> Material shown:
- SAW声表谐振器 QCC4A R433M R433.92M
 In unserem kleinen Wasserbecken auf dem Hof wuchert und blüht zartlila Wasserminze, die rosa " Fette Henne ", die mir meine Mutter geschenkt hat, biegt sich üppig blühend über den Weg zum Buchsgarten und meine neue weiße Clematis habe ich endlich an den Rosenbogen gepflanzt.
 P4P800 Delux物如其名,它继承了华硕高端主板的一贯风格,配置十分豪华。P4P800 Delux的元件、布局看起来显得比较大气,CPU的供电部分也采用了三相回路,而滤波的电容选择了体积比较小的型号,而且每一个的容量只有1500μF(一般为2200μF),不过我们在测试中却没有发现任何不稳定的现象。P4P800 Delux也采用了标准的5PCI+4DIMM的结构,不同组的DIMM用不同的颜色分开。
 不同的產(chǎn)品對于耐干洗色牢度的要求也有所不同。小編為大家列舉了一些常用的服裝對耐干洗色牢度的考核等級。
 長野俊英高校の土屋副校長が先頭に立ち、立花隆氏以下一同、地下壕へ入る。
==
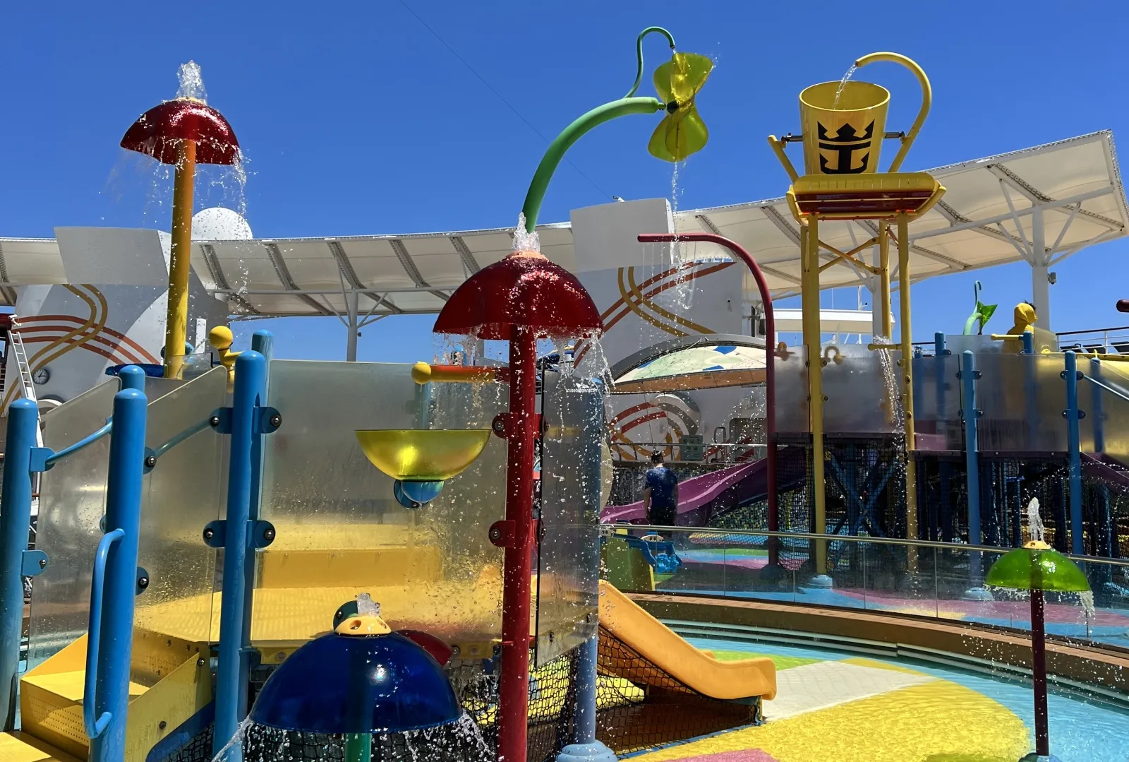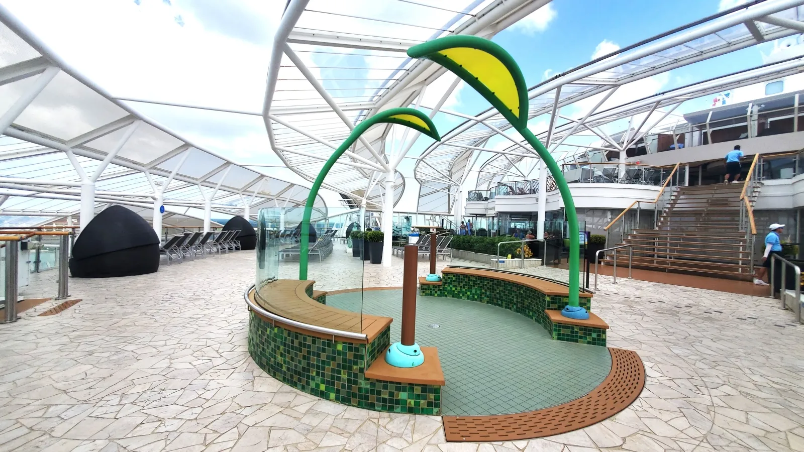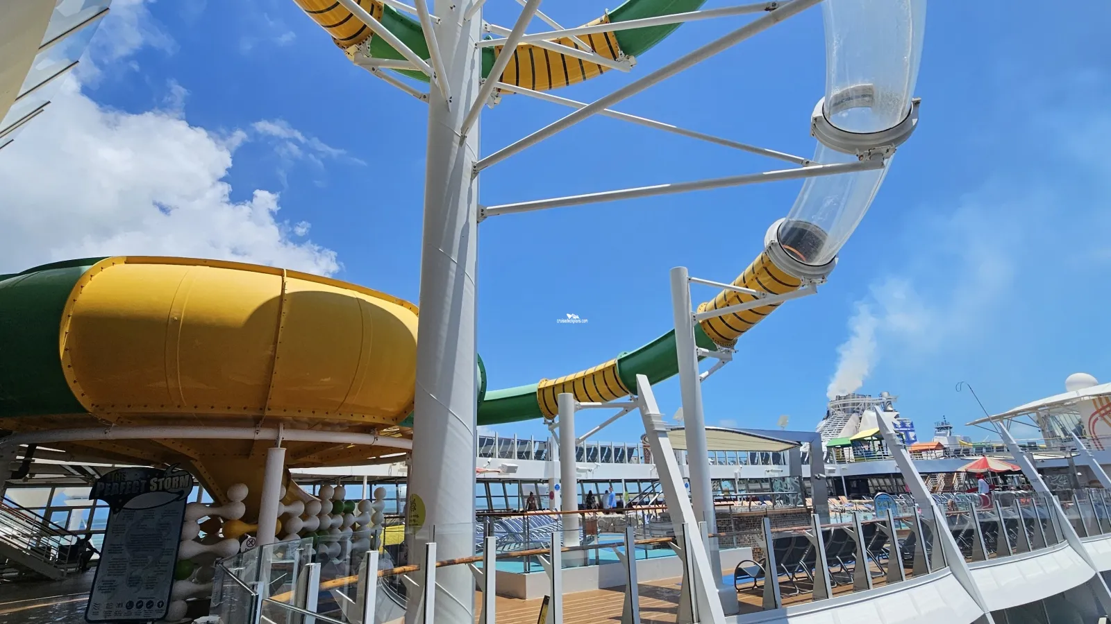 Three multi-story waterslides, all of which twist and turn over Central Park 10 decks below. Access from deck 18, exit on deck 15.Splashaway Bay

> Description of the task: Starting at the line that contains "In unserem kleinen" and stopping after the line that contains "長野俊英高校の土屋副校長が先頭に立ち、立花隆氏以下一同、地下壕へ入る。", write out every line exactly as it appears above, and no other line.

> Response area:
 In unserem kleinen Wasserbecken auf dem Hof wuchert und blüht zartlila Wasserminze, die rosa " Fette Henne ", die mir meine Mutter geschenkt hat, biegt sich üppig blühend über den Weg zum Buchsgarten und meine neue weiße Clematis habe ich endlich an den Rosenbogen gepflanzt.
 P4P800 Delux物如其名,它继承了华硕高端主板的一贯风格,配置十分豪华。P4P800 Delux的元件、布局看起来显得比较大气,CPU的供电部分也采用了三相回路,而滤波的电容选择了体积比较小的型号,而且每一个的容量只有1500μF(一般为2200μF),不过我们在测试中却没有发现任何不稳定的现象。P4P800 Delux也采用了标准的5PCI+4DIMM的结构,不同组的DIMM用不同的颜色分开。
 不同的產(chǎn)品對于耐干洗色牢度的要求也有所不同。小編為大家列舉了一些常用的服裝對耐干洗色牢度的考核等級。
 長野俊英高校の土屋副校長が先頭に立ち、立花隆氏以下一同、地下壕へ入る。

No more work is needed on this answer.